#### Stored data
>>>

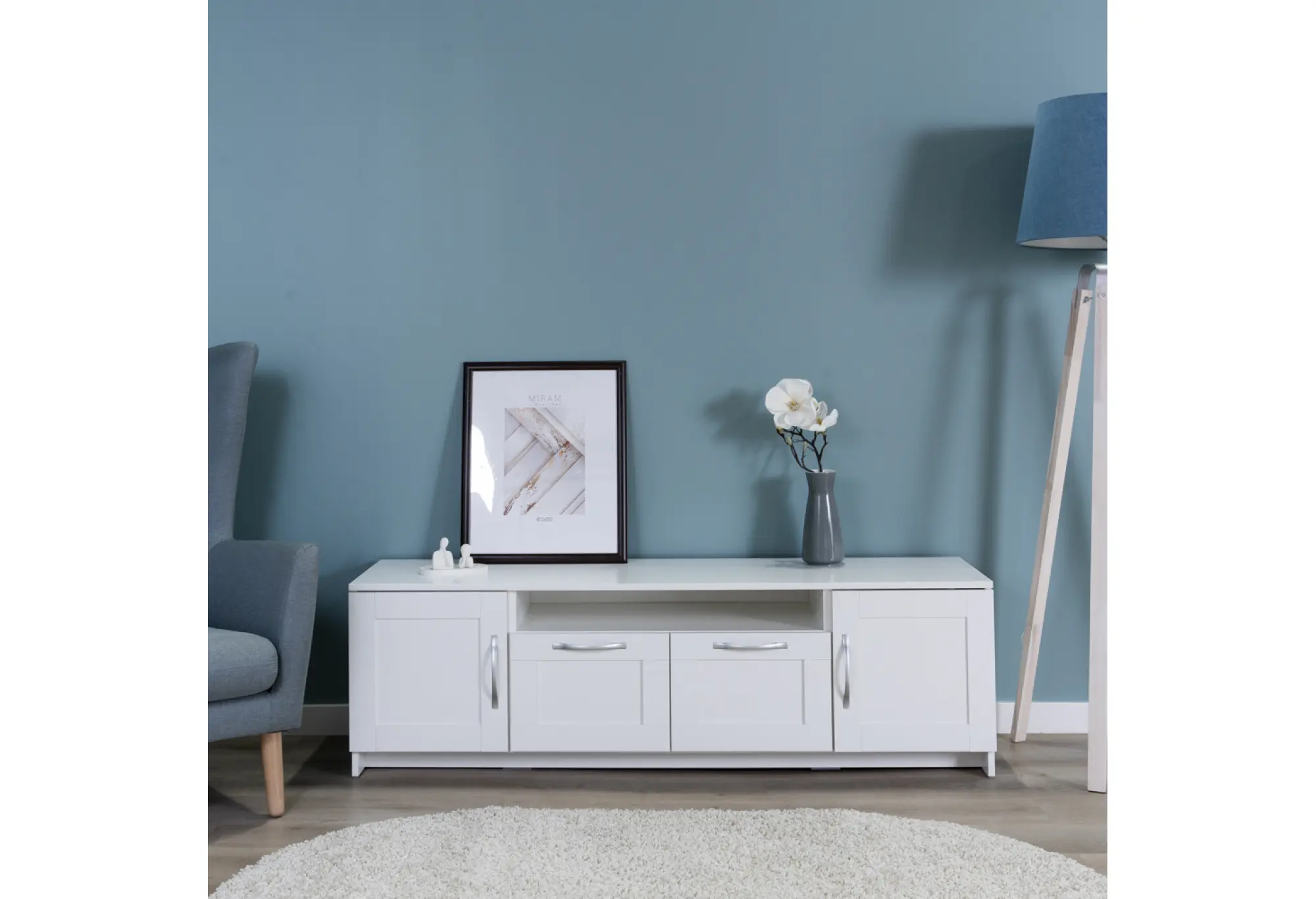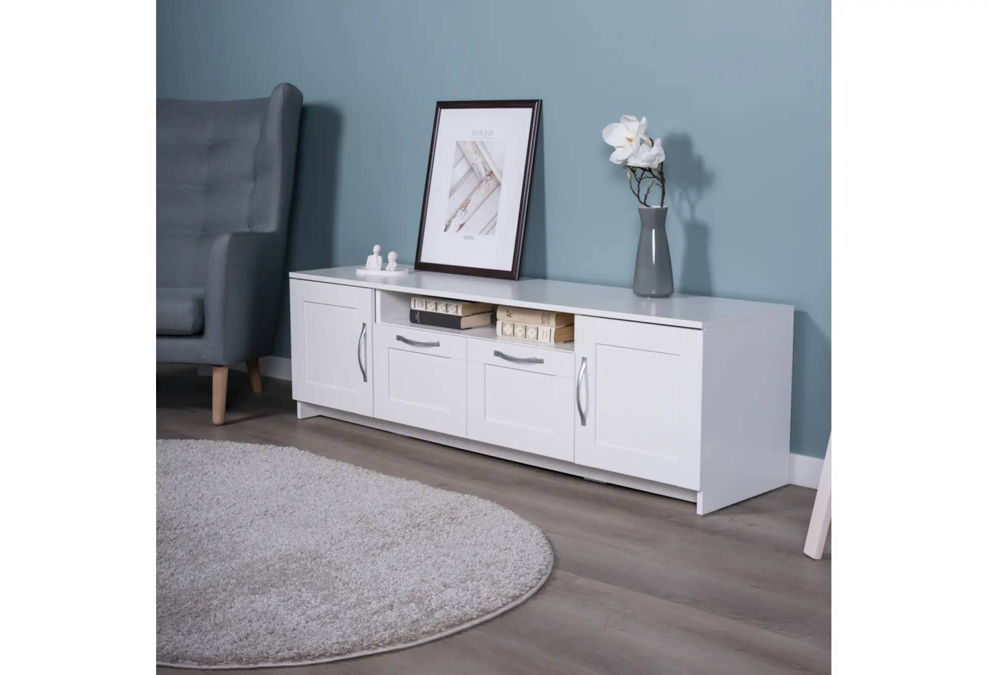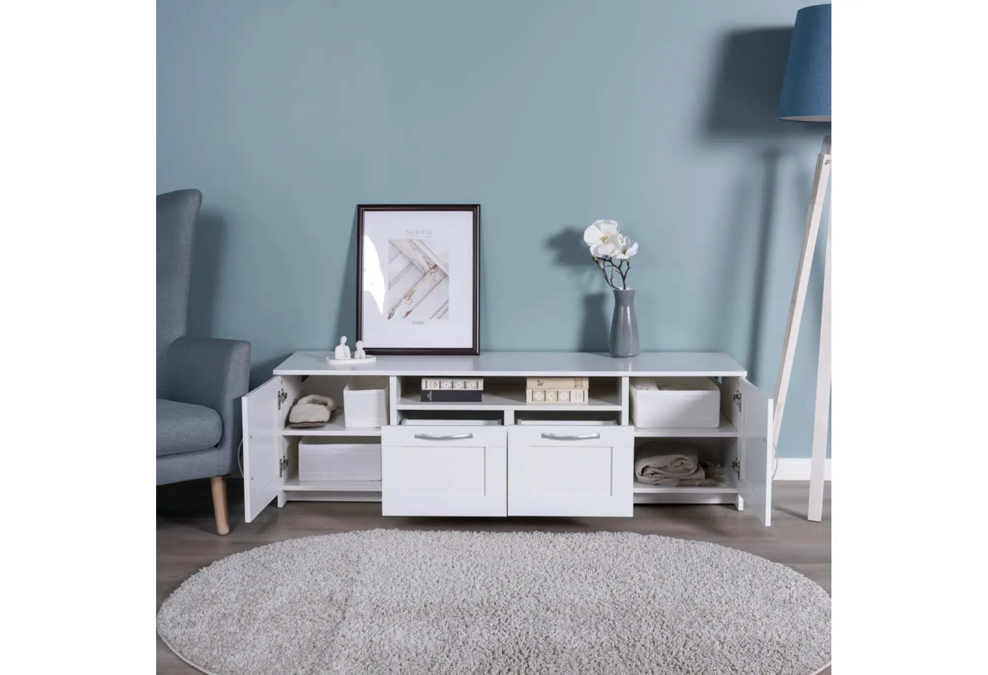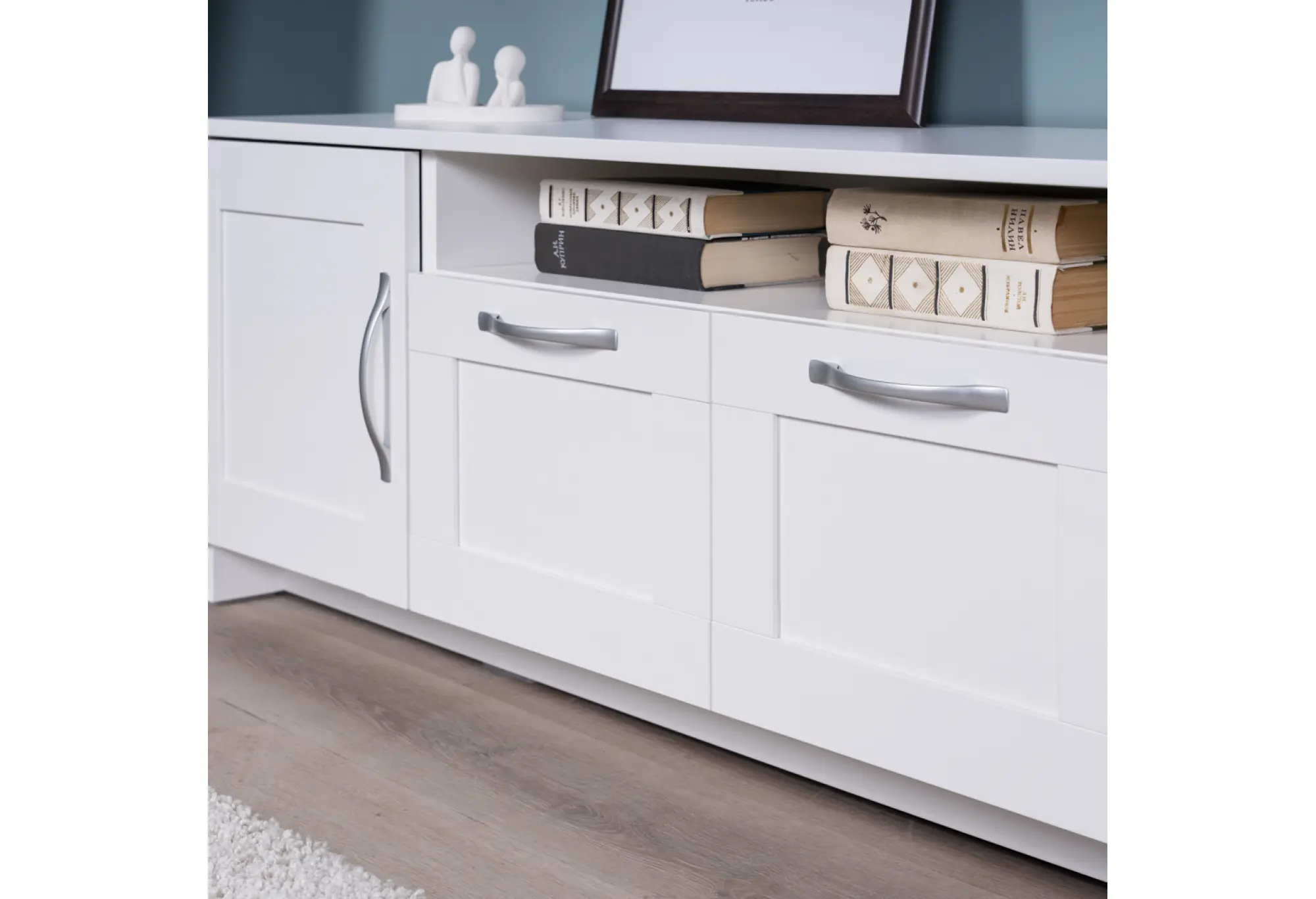Тумба СИРИУС под телевизор напольня широкая с двумя ящиками, цвет белый
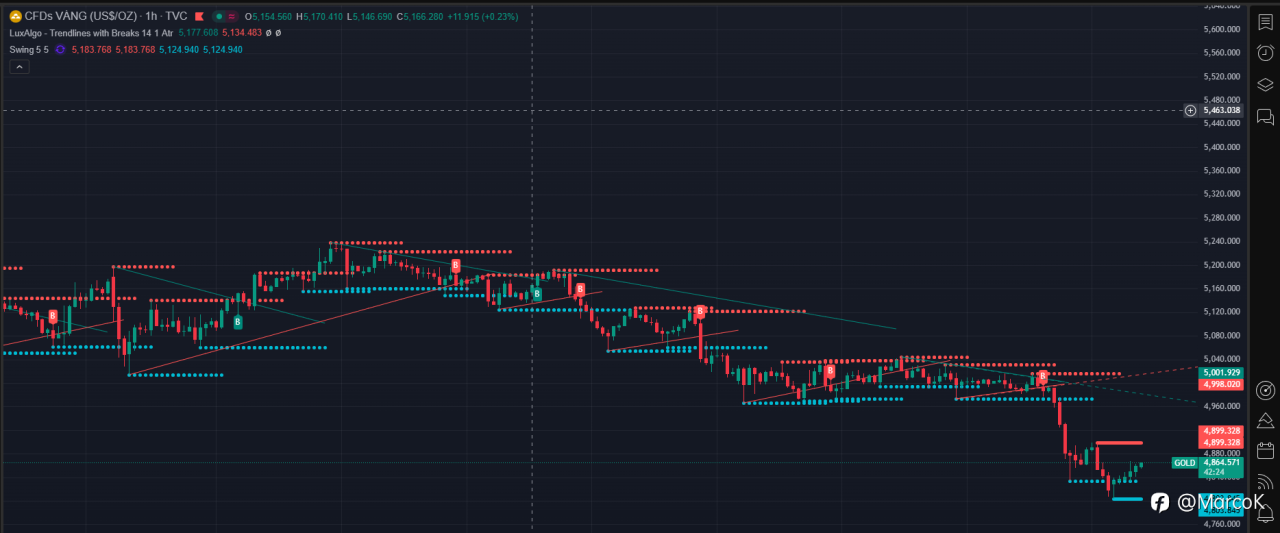 - Điểm vào: Buy limit quanh 4,780-4,800 hoặc market buy trên 4,850.
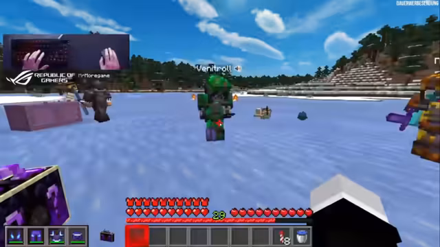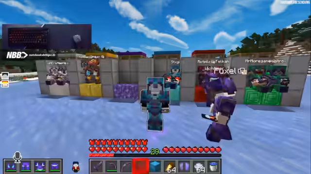 01:35:08Die Spieler bereiten sich auf das bevorstehende 'Force Item Battle' vor, das um 20 Uhr beginnen soll. Es wird erwähnt, dass Minecraft alle Spieler zusammengebracht hat. Die Suche nach einer 'Shine Farm' wird besprochen. Dima und andere Spieler werden begrüßt, und es wird bestätigt, dass die Teams für das Event bekannt sind. Es gibt eine Diskussion über das Trainieren vor dem Battle, wobei dies nicht erlaubt ist. Es wird überlegt, wie die benötigten Gegenstände, insbesondere Netherite-Sets, für zusätzliche Teams beschafft werden können, da die Zeit knapp wird. Marcel wird beauftragt, in der Mine zu farmen, und es wird über die Möglichkeit von 3er-Teams oder das Disenchanten von Rüstungen gesprochen.

<<<

#### Goal of the exercise
The reply should contain all of the data above, word for word, with no pictures.

#### Your solution
Тумба СИРИУС под телевизор напольня широкая с двумя ящиками, цвет белый
 - Điểm vào: Buy limit quanh 4,780-4,800 hoặc market buy trên 4,850.
 01:35:08Die Spieler bereiten sich auf das bevorstehende 'Force Item Battle' vor, das um 20 Uhr beginnen soll. Es wird erwähnt, dass Minecraft alle Spieler zusammengebracht hat. Die Suche nach einer 'Shine Farm' wird besprochen. Dima und andere Spieler werden begrüßt, und es wird bestätigt, dass die Teams für das Event bekannt sind. Es gibt eine Diskussion über das Trainieren vor dem Battle, wobei dies nicht erlaubt ist. Es wird überlegt, wie die benötigten Gegenstände, insbesondere Netherite-Sets, für zusätzliche Teams beschafft werden können, da die Zeit knapp wird. Marcel wird beauftragt, in der Mine zu farmen, und es wird über die Möglichkeit von 3er-Teams oder das Disenchanten von Rüstungen gesprochen.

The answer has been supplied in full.